"But for 30 years, Orthodox leaders have tipped the balance between hawks and doves, and have been in a position to determine who forms a coalition and who runs the country"
About this Quote
Power in politics doesn’t always look like power, and Amos Oz is naming the trick: a bloc that’s numerically modest but structurally indispensable can run the table. “Tipped the balance” is the tell. It frames Orthodox leaders not as a governing majority with a clear mandate, but as ballast on a scale that never settles. In a parliamentary system where coalitions are stitched together from fragments, the smallest piece can become the seam. Oz’s language makes that transactional reality feel slightly scandalous, like a constitutional loophole turned into a long-running business model.
The hawks-and-doves shorthand is doing double duty. It reduces the ideological struggle over war, peace, and territorial compromise to an almost comic binary, then reveals how that binary is less decisive than the arithmetic of coalition-building. The subtext is frustration with a democratic paradox: national fate on existential questions can hinge on parties whose priorities are often not the conflict itself but religious policy, budgets for institutions, exemptions, and control over public norms. “Determine who forms a coalition” sounds procedural; “who runs the country” lands like an indictment.
Context matters: Oz, a leading Israeli novelist and peace advocate, spent decades watching electoral deadlock and razor-thin governments make religious parties permanent kingmakers. He’s not accusing Orthodox voters of illegitimacy; he’s pointing to incentives. When every election produces a near-tie, leverage migrates to whoever can credibly walk away. Oz’s intent is to expose how the center of gravity shifts from public persuasion to backroom bargaining - and how, over time, that quietly reshapes the country’s direction.
The hawks-and-doves shorthand is doing double duty. It reduces the ideological struggle over war, peace, and territorial compromise to an almost comic binary, then reveals how that binary is less decisive than the arithmetic of coalition-building. The subtext is frustration with a democratic paradox: national fate on existential questions can hinge on parties whose priorities are often not the conflict itself but religious policy, budgets for institutions, exemptions, and control over public norms. “Determine who forms a coalition” sounds procedural; “who runs the country” lands like an indictment.

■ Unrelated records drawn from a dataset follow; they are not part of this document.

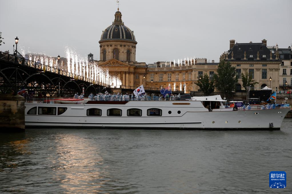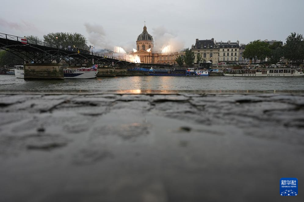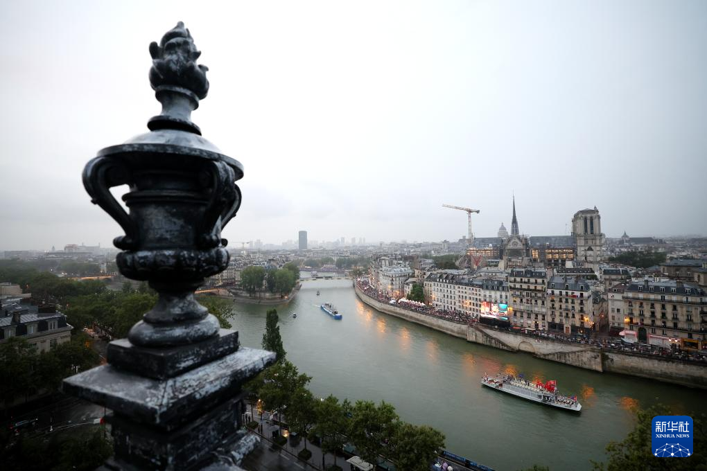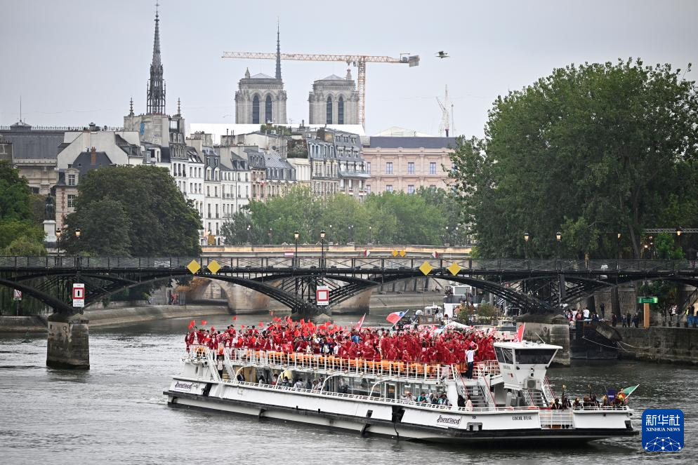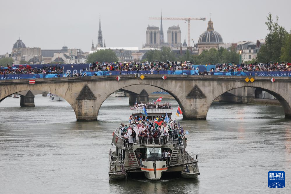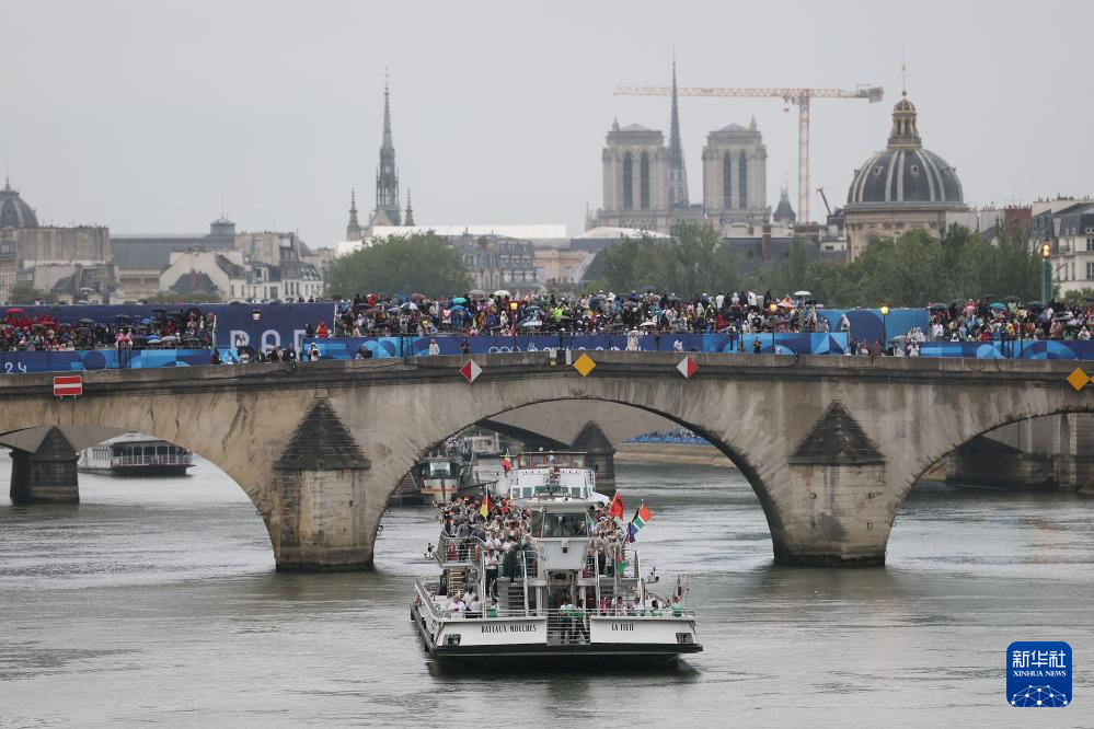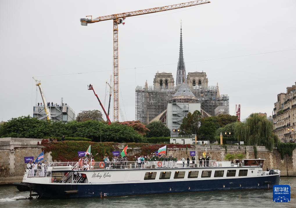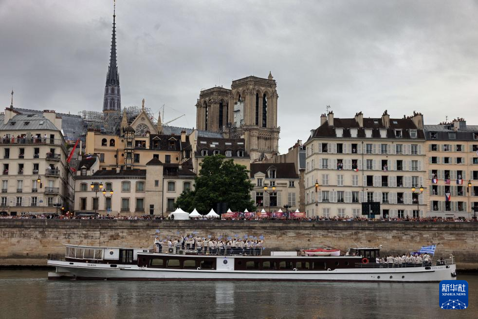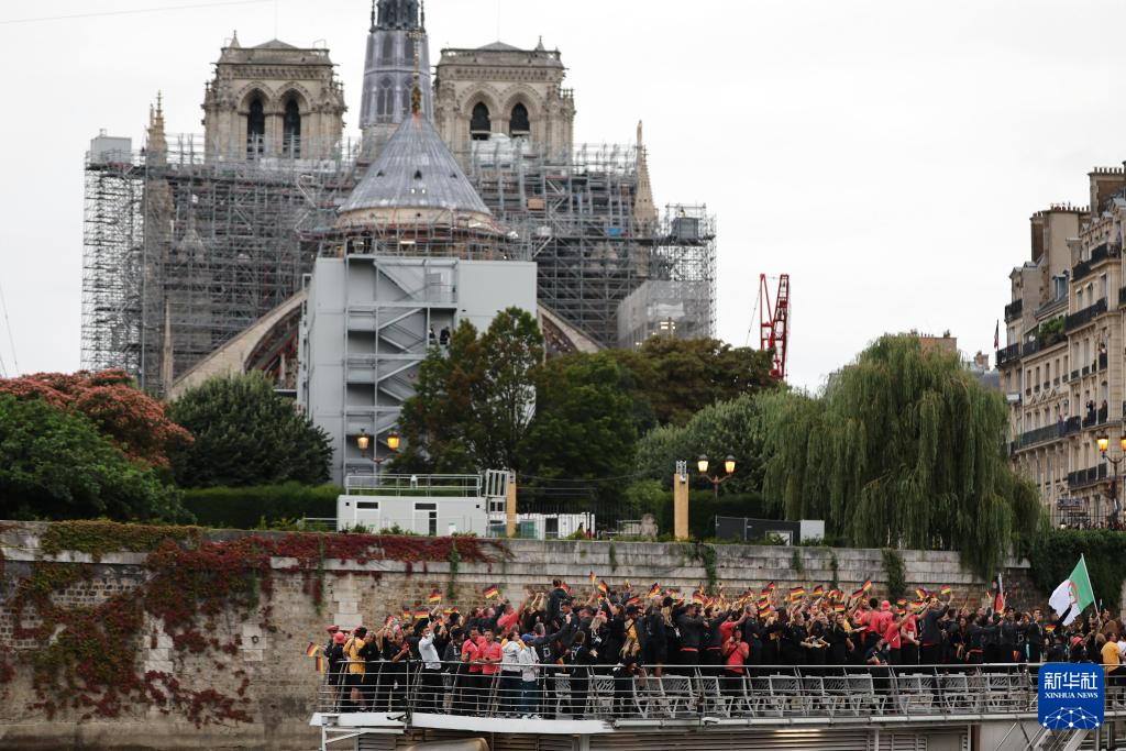 7月26日,各體育代表團在開幕式上,右側(cè)是巴黎圣母院。新華社發(fā)(POOL照片/丹·馬蘭)pagebreak
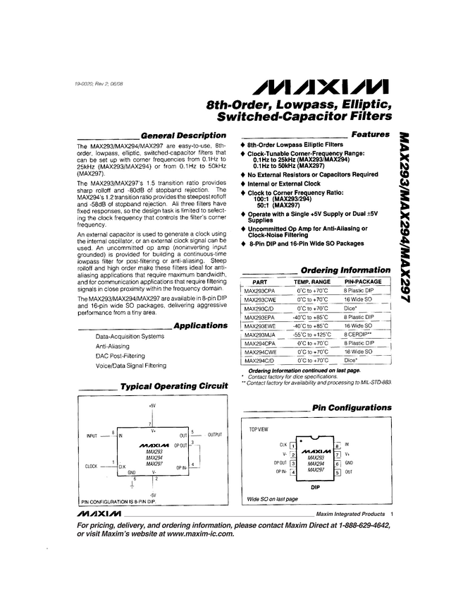 MAX293 8th-Order, Lowpass, Elliptic, Switched-Capacitor Filters
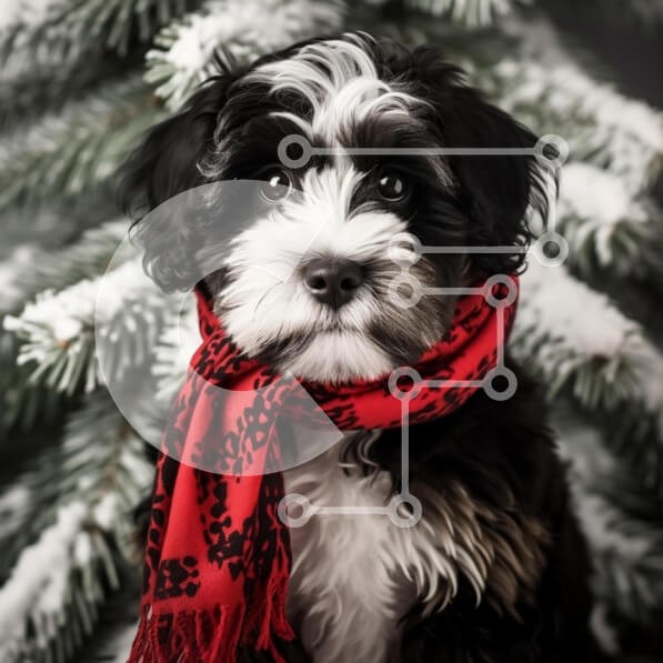 Υπάρχει δυνατότητα προσωποποίησης με δική σας φωτογραφία και προσαρμογής διαστάσεων κατόπιν παραγγελίας. Το συγεκεριμενο Puzzle 10x10 cm – 25 κομμ παρουσιαζει Η εικόνα απεικονίζει έναν αξιολάτρευτο σκύλο με ασπρόμαυρο παλτό, που κάθεται μπροστά σε ένα πεύκο που έχει σκονιστεί από το χιόνι. Ο σκύλος φοράει ένα έντονο κόκκινο φουλάρι, προσθέτοντας μια εορταστική πινελιά στο χειμερινό σκηνικό. Τα εκφ
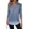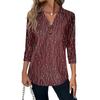 Women's Fashion Casual Lapel Short 3/4 Sleeve Print Shirt Women's V-Neck Button Tops
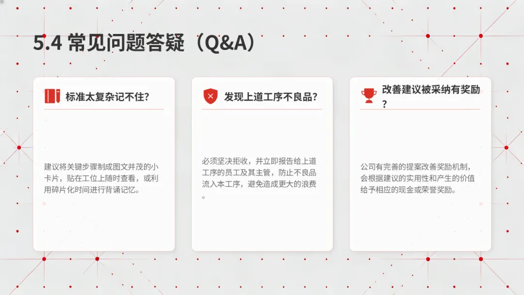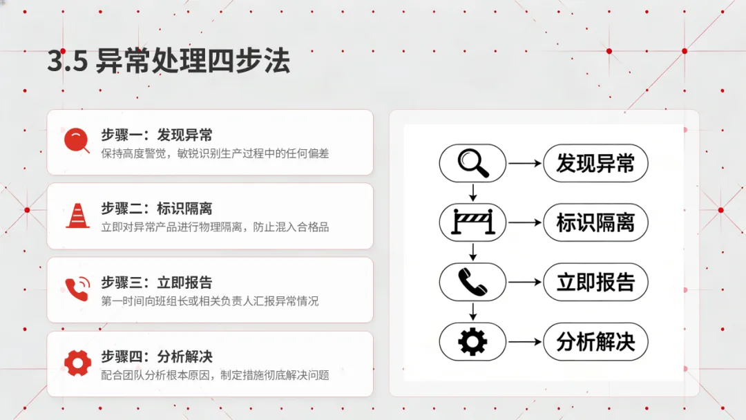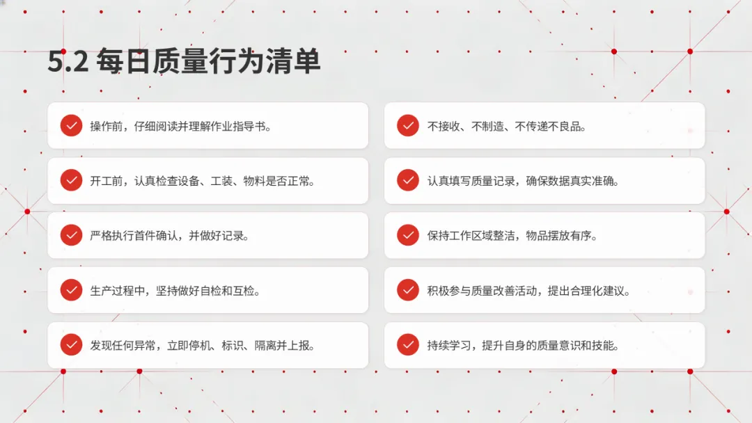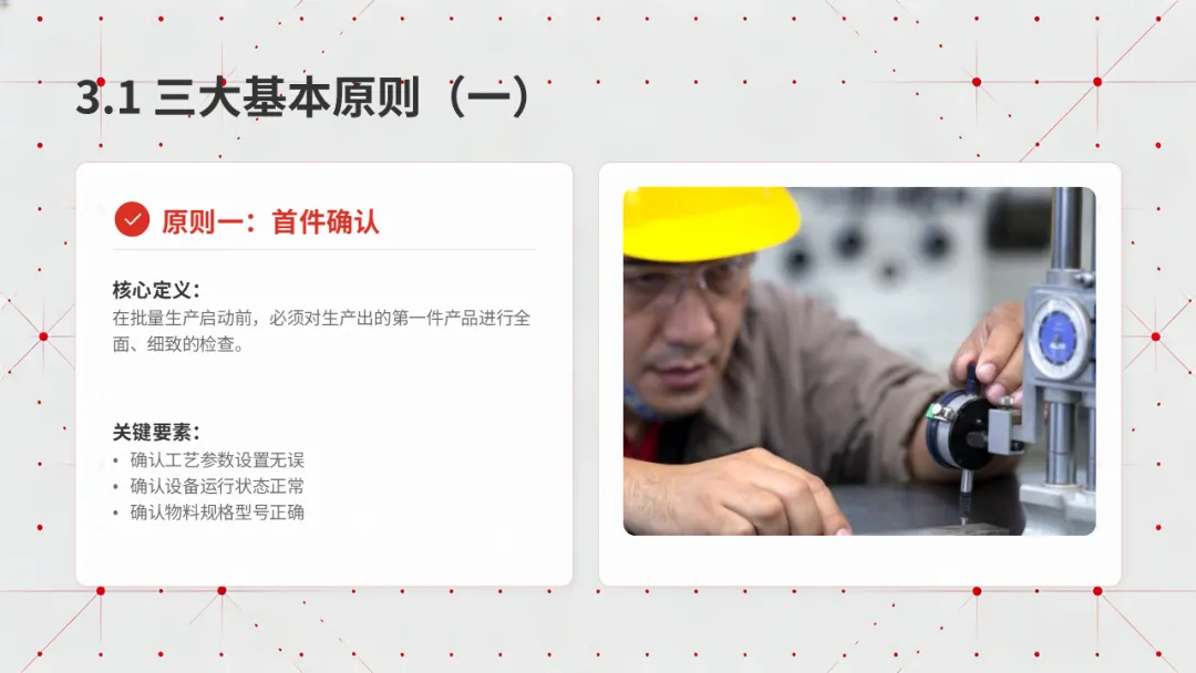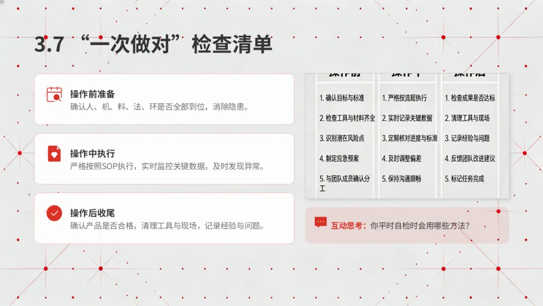 必须做的三件事(基于“过程所有者”理念):操作前:核物料、看SOP、点检设备、做首件(拍照留证);操作中:按标准作业、每小时自检、异常立即停;操作后:标识清楚、记录真实、清理5S
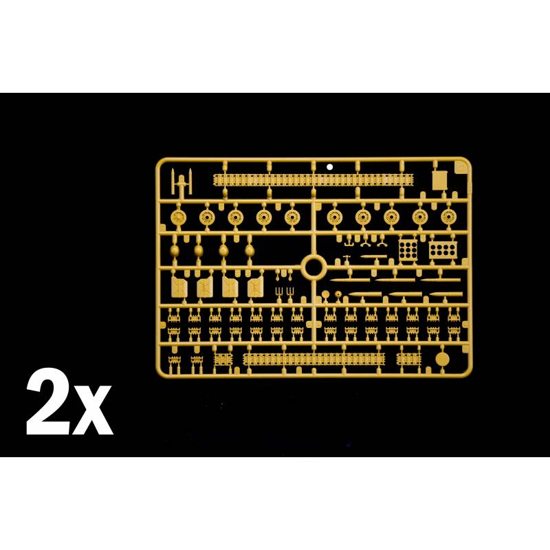 Italeri propose ici une édition améliorée, extrêmement complète et précise. Le kit inclut un canon métallique tourné, une planche de photodécoupe, ainsi qu’un choix entre chenilles segmentées ou chenilles souples collables. Les détails caractéristiques du Semovente M42, notamment la casemate basse et anguleuse, la suspension italienne typique et les équipements extérieurs, sont fidèlement rendus. Six marquages différents sont proposés, couvrant aussi bien les derniers blindés italiens de 1943 que ceux réutilisés par les forces allemandes. Le modèle terminé atteint 14,4 cm, avec un niveau de difficulté élevé (Skill 5), adapté aux maquettistes expérimentés.
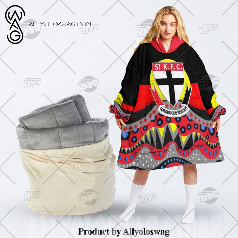 [Top-selling] AFL Dinky Di St Kilda Football Club Lover Aboriginal Flag x Indigenous Hoodie Blanket
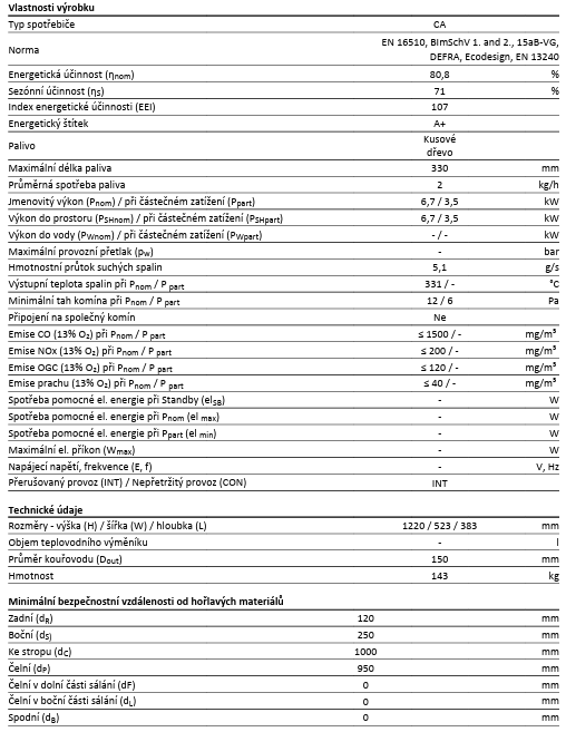 | Jmenovitý výkon kamen: | 6,7 kW |
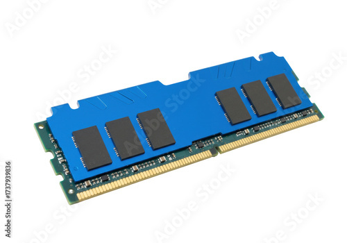 Blue computer RAM memory module isolated, DDR4 component for PC upgrade and high performance computing on transparent background
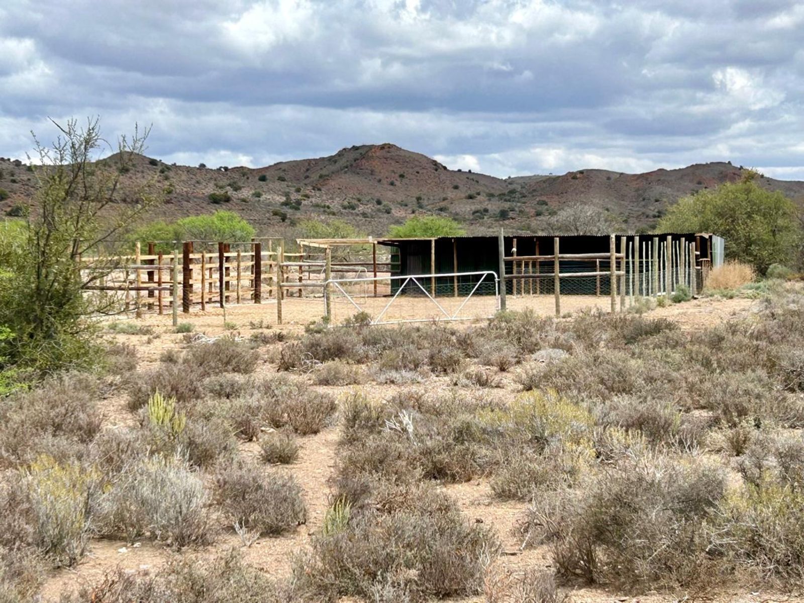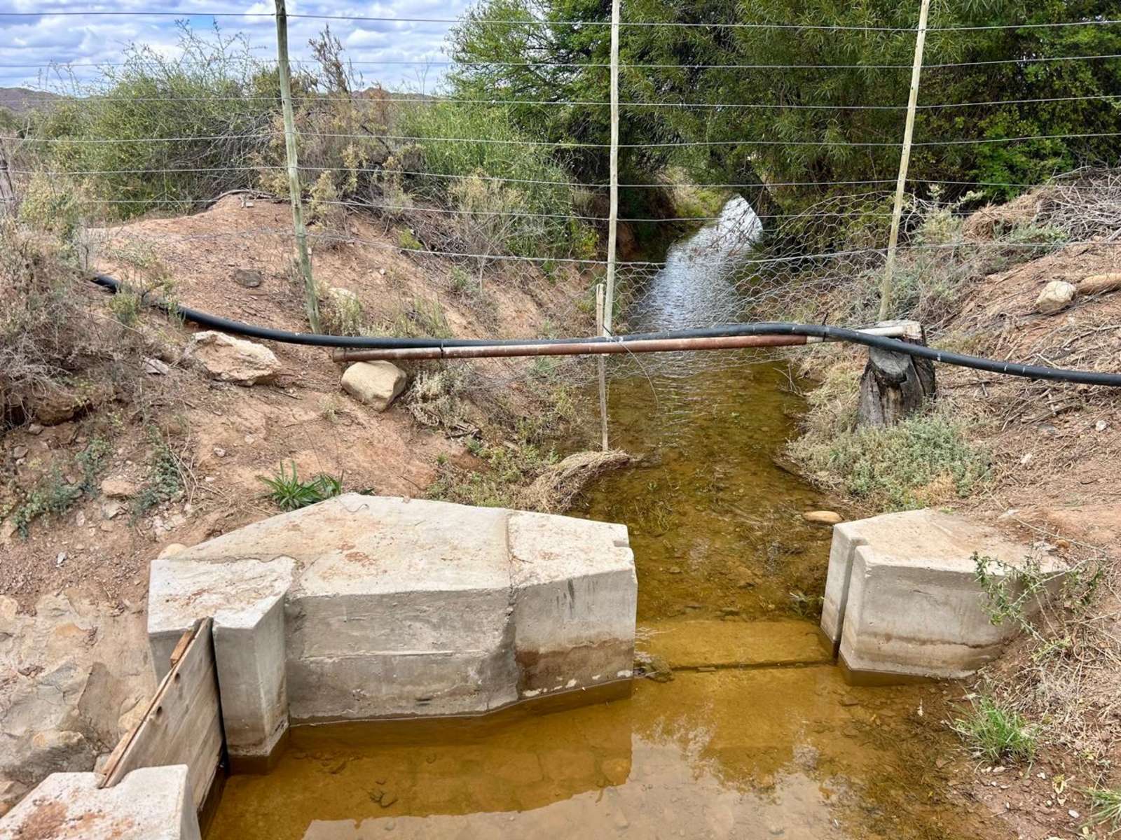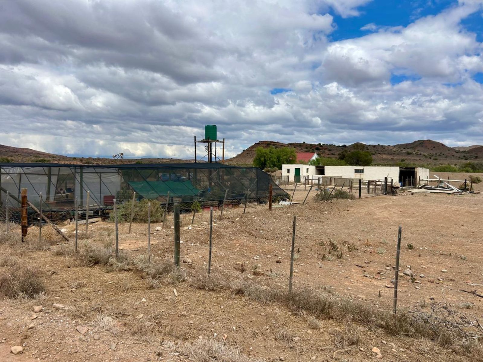 The property features two ground dams with irrigation systems, supported by water rights from the Floriskraaldam scheme. It has been organically managed for over eight years and includes established Mission, Frantoio, and Coratina olive trees, with additional arable land ready for cultivation.
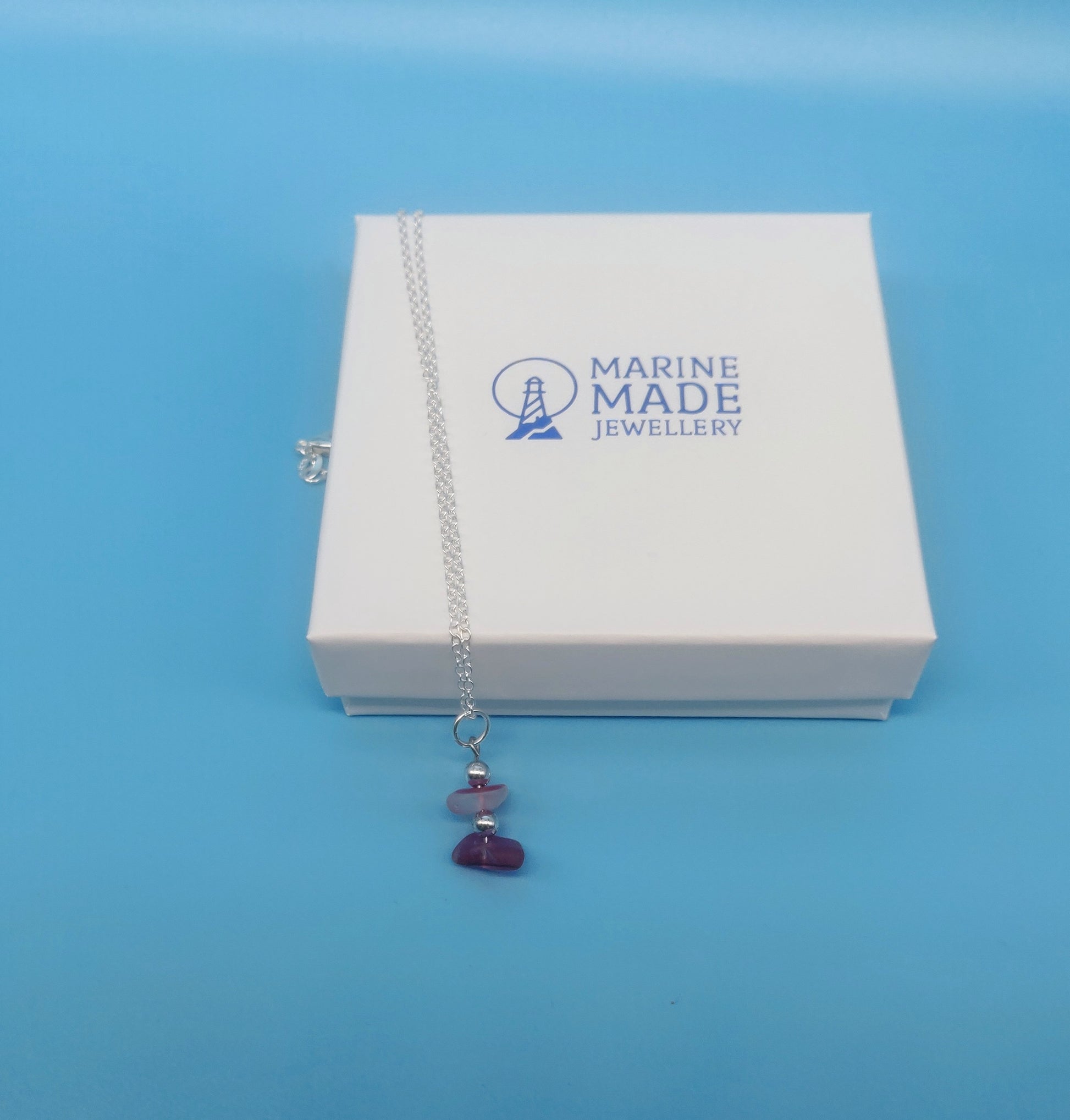 Hand Made Sea Glass Pendant Necklace With Silver Plated Chain which makes an ideal present.

Context matters: Oz, a leading Israeli novelist and peace advocate, spent decades watching electoral deadlock and razor-thin governments make religious parties permanent kingmakers. He’s not accusing Orthodox voters of illegitimacy; he’s pointing to incentives. When every election produces a near-tie, leverage migrates to whoever can credibly walk away. Oz’s intent is to expose how the center of gravity shifts from public persuasion to backroom bargaining - and how, over time, that quietly reshapes the country’s direction.